__Task requirements__.
Your task is to return all the entries below exactly, with every picture omitted.

__Records for this task__.
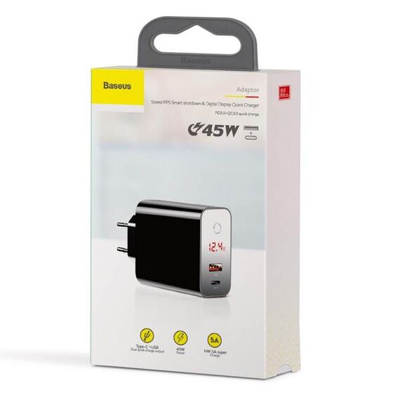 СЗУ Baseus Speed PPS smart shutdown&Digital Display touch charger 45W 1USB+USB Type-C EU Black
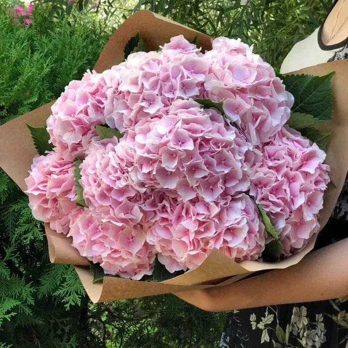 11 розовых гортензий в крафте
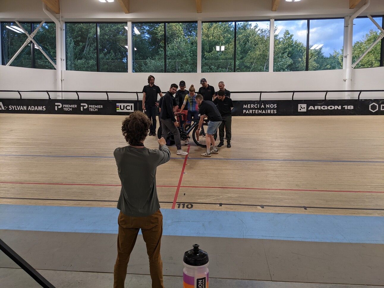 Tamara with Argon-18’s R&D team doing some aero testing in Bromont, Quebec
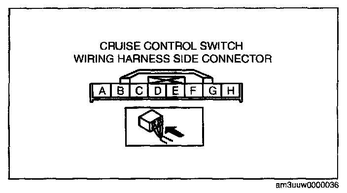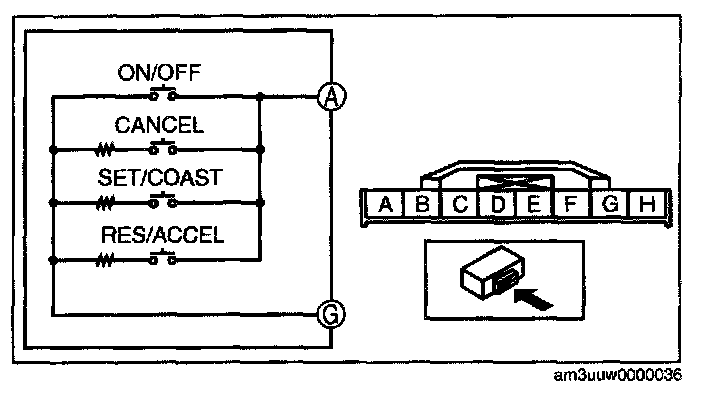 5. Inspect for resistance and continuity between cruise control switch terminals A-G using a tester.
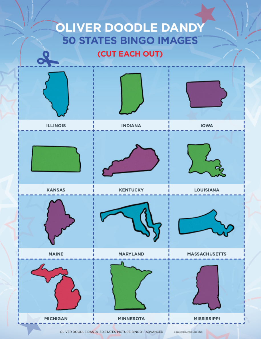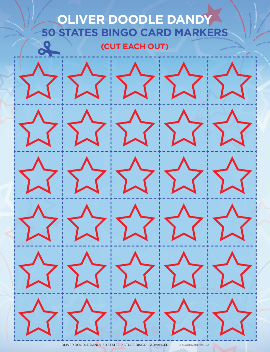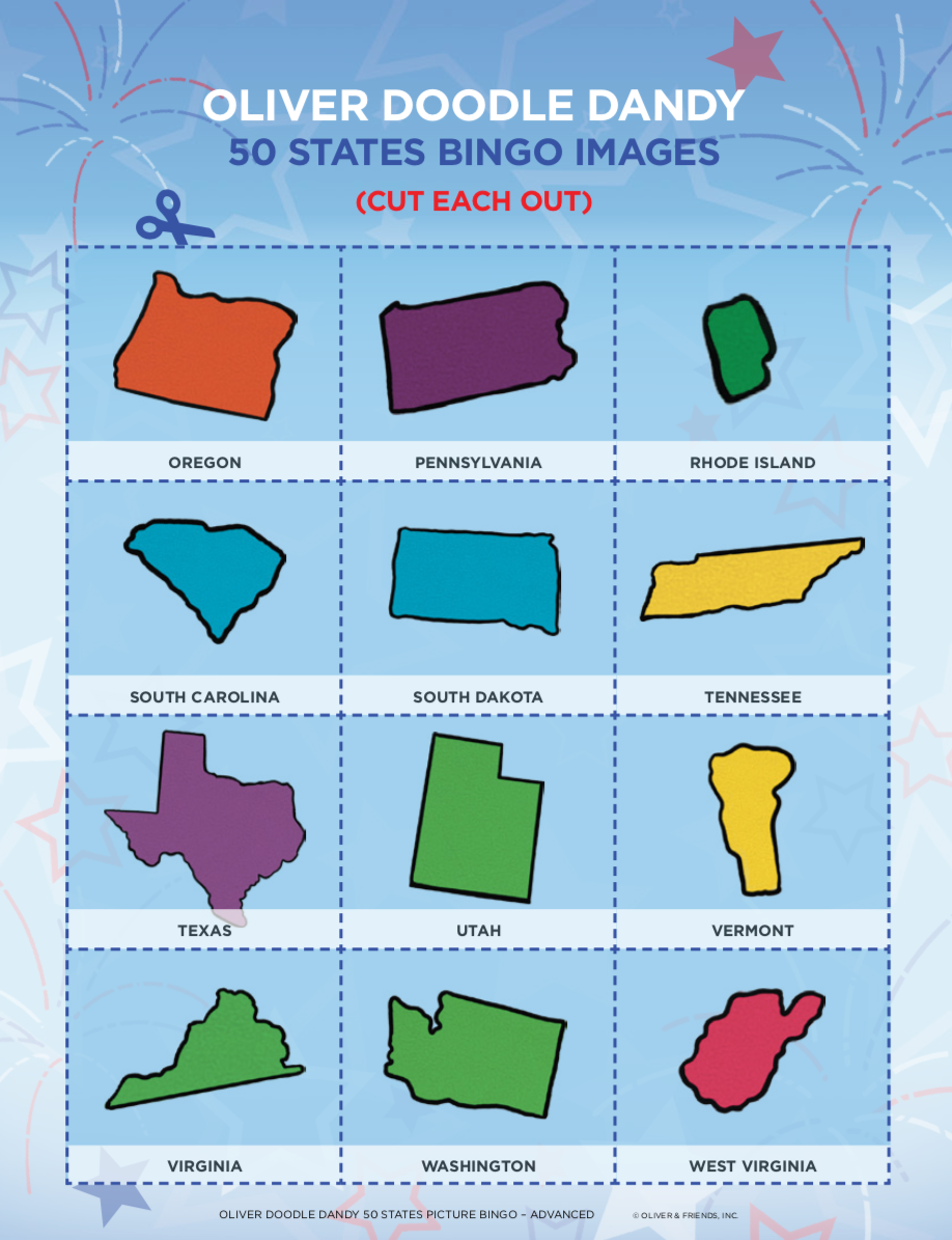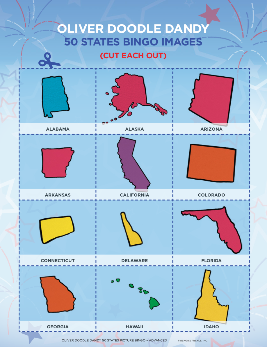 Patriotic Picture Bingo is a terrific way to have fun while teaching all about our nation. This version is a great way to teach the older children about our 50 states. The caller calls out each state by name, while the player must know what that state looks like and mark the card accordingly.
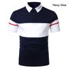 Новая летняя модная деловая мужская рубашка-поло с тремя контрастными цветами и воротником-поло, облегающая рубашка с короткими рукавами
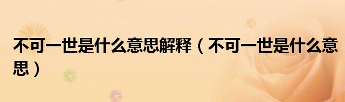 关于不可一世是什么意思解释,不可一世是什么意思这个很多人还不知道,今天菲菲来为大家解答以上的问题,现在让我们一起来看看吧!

__Completed exercise__.
 СЗУ Baseus Speed PPS smart shutdown&Digital Display touch charger 45W 1USB+USB Type-C EU Black
 11 розовых гортензий в крафте
 Tamara with Argon-18’s R&D team doing some aero testing in Bromont, Quebec
 5. Inspect for resistance and continuity between cruise control switch terminals A-G using a tester.
 Patriotic Picture Bingo is a terrific way to have fun while teaching all about our nation. This version is a great way to teach the older children about our 50 states. The caller calls out each state by name, while the player must know what that state looks like and mark the card accordingly.
 Новая летняя модная деловая мужская рубашка-поло с тремя контрастными цветами и воротником-поло, облегающая рубашка с короткими рукавами
 关于不可一世是什么意思解释,不可一世是什么意思这个很多人还不知道,今天菲菲来为大家解答以上的问题,现在让我们一起来看看吧!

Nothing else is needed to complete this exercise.